Пауза. Я открыл глаза.
Антоныч:
– Гриша, а разве тебя не укусил в Москве енот?
Слышу стон.
– Вот об этой странности очевидного и противостоящего ему невероятного я и говорю, – заметил Гера. – Ни с кем не спал, жене, таким образом, не изменил, а первое, что ей придет в голову, – оставь человека на три дня, и он тут же ударится во все тяжкие. То есть она не оставляет ни шанса. Она все знает наверняка. Вот если бы следы зубов были на пятке… да что на пятке! – даже если бы у Гриши ухо порвано было, она бы обязательно поверила, что укусил… ну, не енот, конечно, но собаку ей предъявить было бы можно.
– То есть пятка и ухо как органы в ее представлении участия в соитии принимать не могут, а посему объяснению факт поддается, – подтвердил Антоныч. – А между тем ухо могло было быть порвано Грише в приступе глубочайшего оргазма. И пятку в таком состоянии прокусить тоже можно без труда.

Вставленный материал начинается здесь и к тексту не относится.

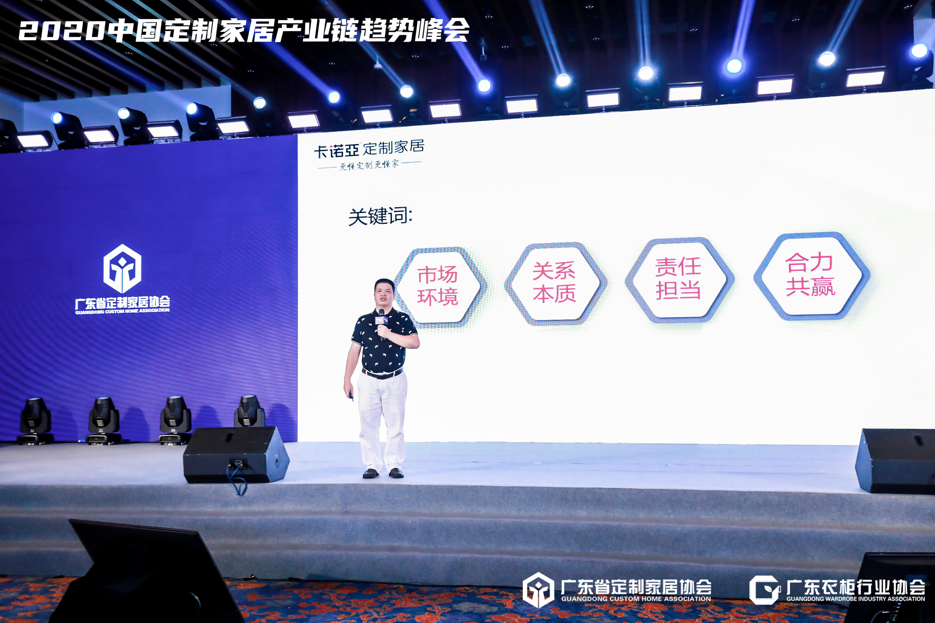 11月8日,由廣東省定制家居協(xié)會、廣東衣柜行業(yè)協(xié)會舉辦的“創(chuàng)新趨勢·創(chuàng)變不止”2020定制家居產(chǎn)業(yè)鏈趨勢峰會,在廣州隆重召開??ㄖZ亞董事長兼總經(jīng)理程國標作為中國定制家居產(chǎn)業(yè)鏈戰(zhàn)略委員會聯(lián)合發(fā)起人及首批智庫專家,應邀出席本次活動,卡諾亞副總裁兼營銷總經(jīng)理賴永精,發(fā)表了《同心協(xié)力,服務需求》的主題性演講,分享定制家居供應鏈最新趨勢,全面助力產(chǎn)業(yè)鏈上下游交流融合,提高行業(yè)的產(chǎn)業(yè)發(fā)展水平。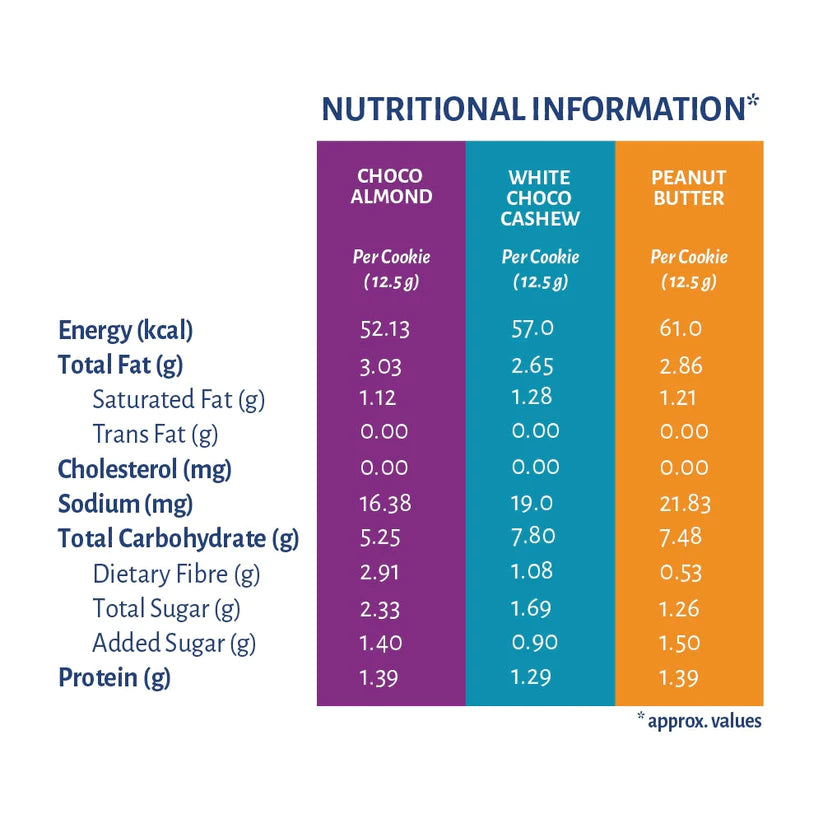 This pack contains a total of 12 delicious handcrafted cookies, in assorted flavors of Choco-Almond, Peanut Butter, and White Chocolate Cashew (4 cookies each).

Я вспомнил солистку оперного театра и слова Антоныча за преувеличение не счел.
– Но член – такой же выступающий из тела предмет, как ухо, пятка или палец. И обварить его, и отбить, и поцарапать можно с тем же успехом, что и все перечисленное. Однако член – это… со временем она начинает его считать своим. Вот она, разница в философии полов! Гриша сиськи жены своими почему-то не считает, а она его член узурпировала с такой решимостью, словно это не подлежит обсуждению.
– Да вы мне все нервы уже вымотали! – взмолился Гриша. – Лучше придумайте, что ей сказать.
– Может, лучше придумаете, как нам из «брежневского» дома вынуть картины Уорхола? – я встрял решительно, не сомневаясь, что последним мы сейчас и займемся.
Но вдруг на кухне Антоныча заиграла музыка. Реально: композиция Рыбникова из кинофильма не то «Большое космическое путешествие», не то – «Через тернии к звездам». Такая мелодия установлена на мобильнике только одного из нас. На Гришином мобильнике.
– Это она! – кричит он и принимает вид затравленного лисой кролика. Словно жена его подходит к квартире Антоныча, а не за тридевять земель. – И что я сейчас должен делать?! Что сказать ей?!
– Что ты орешь? – возмутился Гера. – Скажи, что соскучился. Спроси, когда ждать. И поставь на громкую связь.
– Господи, пронеси… – шепчет Гриша, и я снова убеждаюсь в том, что связывать себя узами брака мне еще рано. Я еще не дошел до того состояния, когда экстрим одиночного плавания перестает фонтанировать и нужна дополнительная встряска. Стокилограммовый Гриша сейчас сидит на стуле и трясется как заяц в норе. Угрозу ему представляет не организованная преступная группа, не войска ООН, не пираты Сомали, а хрупкая, почти невесомая – я удивляюсь, как вообще женщины с таким ростом и весом живут на свете, – жена. Куда бы мы вчетвером ни направлялись, Гриша всегда начеку, как вор на стреме. Он не двойной агент «МОССАДа», не революционер, ему не угрожает ни застенок, ни сама стенка. Но половину выделенного нам на развлечения времени он тратит на создание себе непробиваемого алиби. Я не понимаю, зачем мне постоянно следить, нет ли хвоста, с лупой высматривать на подголовнике сиденья волосы и заглядывать под сиденья в поисках туши для ресниц или помады. И вот эта жизнь – засыпая, вспоминать, предохранялся ли ты позавчера, будучи немножко пьяненьким, и просыпаться дома, размышляя, не вывернуты ли трусы на левую сторону – это как-то не для меня. Точно так же не для меня и осознание собственной вины без достаточных на то оснований. Гришу укусил енот, но Гриша ведет себя так, словно перелюбил всех участниц чемпионата Москвы по фигурному катанию и теперь за это расплачивается. – Да, дорогая?..
– Гриш! – слышу я голос его жены. – Привет, зая!
«Зая», «рыба», «сладкий»… Фашизм не вызывает у меня столько неприязни, как эти животно-гастрономические погонялки. Ну какой Гриша «зая»? Если он зая, то я мыша. Гриша скорее коняшка, это логичнее и наиболее полно раскрывает Гришину суть. Но ни коняшкой, ни бегемошей, ни слоняшей она его почему-то не называет.
– Мое солнышко!.. – хрипит он, водя по стенам безумным взглядом. Я не вижу, но точно знаю – так и есть. – Когда уже ты приедешь?
Я чешу себе пятерней щеку. Если Гришу слушать, не зная самого Гришу, то без труда можно угодить впросак. То есть конкретно представить себе, что Гриша без жены так измаялся, что первым делом интересуется датой ее приезда.
– Мой мальчик вел себя хорошо? – слышу я.